University of Redlands

Date Written: March 16, 2018


Since the early 2010’s, the use of mobile internet (MI) applications has skyrocketed among American consumers. As mobile devices become ubiquitous, Americans are increasingly using MI for a variety of purposes such as mobile communication (m-communication), mobile commerce (m-commerce), and accessing entertainment (m-entertainment). From texting, emailing, taking photos or videos, social networking, downloading apps, to buying/selling online, making banking transactions and bill payments online, to listening to music, playing games, and watching videos online, the use of MI is expanding in scope.

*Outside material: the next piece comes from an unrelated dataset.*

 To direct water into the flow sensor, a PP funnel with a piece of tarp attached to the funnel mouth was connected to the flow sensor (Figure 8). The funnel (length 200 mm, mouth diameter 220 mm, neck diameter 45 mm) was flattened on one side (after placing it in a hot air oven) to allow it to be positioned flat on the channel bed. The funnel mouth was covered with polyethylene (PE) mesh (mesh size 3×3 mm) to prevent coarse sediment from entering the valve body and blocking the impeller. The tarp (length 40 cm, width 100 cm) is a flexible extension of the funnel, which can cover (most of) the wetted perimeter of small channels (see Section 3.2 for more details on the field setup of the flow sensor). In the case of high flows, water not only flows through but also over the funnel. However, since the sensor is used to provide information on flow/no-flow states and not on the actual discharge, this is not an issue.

However, despite mobile device saturation and widespread availability of smartphones, disparities in MI usage for m-commerce, m-entertainment, and other forms of MI usage by location (urban versus rural) as well as demographic and socioeconomic status is widespread.

In this paper, mobile adoption and mobile internet (MI) usage in 3,108 counties of the United States for m-commerce and m-entertainment purposes is examined. Using the Spatially Aware Technology Utilization Model (SATUM), seventeen demographic, socioeconomic, educational, affordability, innovation, and social capital indicators are posited to be associated with indicators of mobile internet use (3 dependent variables) as well as indicators of m-commerce (6 dependent variables) and m-entertainment (9 dependent variables).

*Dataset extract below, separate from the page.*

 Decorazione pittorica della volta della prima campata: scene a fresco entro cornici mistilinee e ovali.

Spatial patterns of mobile internet adoption and usage are explored to understand the extent of the mobile internet digital divide in the US and differences between metropolitan, micropolitan, and rural counties are examined. K-means cluster analysis identifies spatial agglomerations of high- and low-use counties for m-commerce and m-entertainment. Cluster and outlier analysis further identifies interesting patterns showing the high-use counties in rural communities are often university communities, or areas with large research and development entities, healthcare facilities, or military installations. Agglomeration of mobile access and MI use indicates possible presence of spatial autocorrelation, indicating that MI adoption and use for m-commerce and m-entertainment is spatially biased.

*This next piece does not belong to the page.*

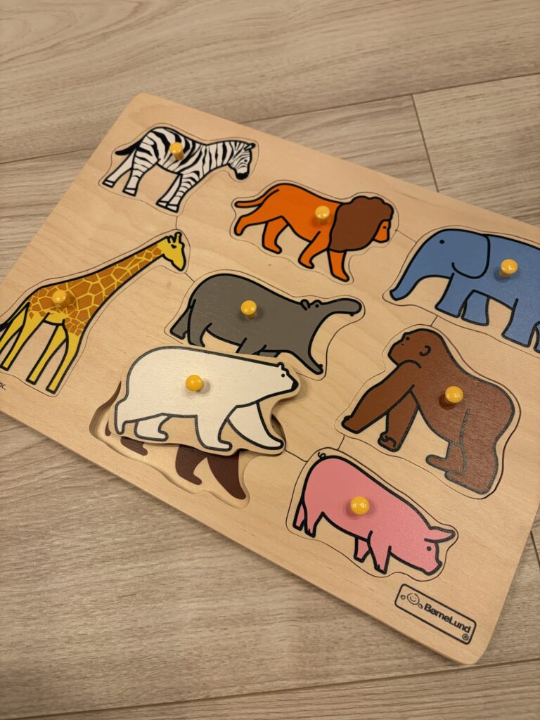 2歳になると、パズルにハマりはじめました。 最初は形あわせパズルから、だんだんと絵合わせパズルができるように。

OLS regressions account for these biases and reveal age, urban location, education, participation in the services – more specifically professional, scientific, and technical services workforce are dominant correlates of MI use while tariffs and race and ethnicities (Hispanic and African American) are associated with varying degrees. These broadly point to the influence of key demographic, location, innovation, and affordability on MI use. Counties with higher percent urban, college graduation, and household income have elevated mobile e-commerce uses, findings which are reflected in metropolitan and micropolitan subsamples, and are consistent with extensive digital divide literature. However, the effects of college education and income weaken to only two strong effects for rural counties. Evidence of strong association of geodemographic and tariff variables emphasize the importance of market forces on mobile internet usage. Policies to bridge the mobile internet digital divide are recommended based upon the significant influence of market factors, innovation, and affordability.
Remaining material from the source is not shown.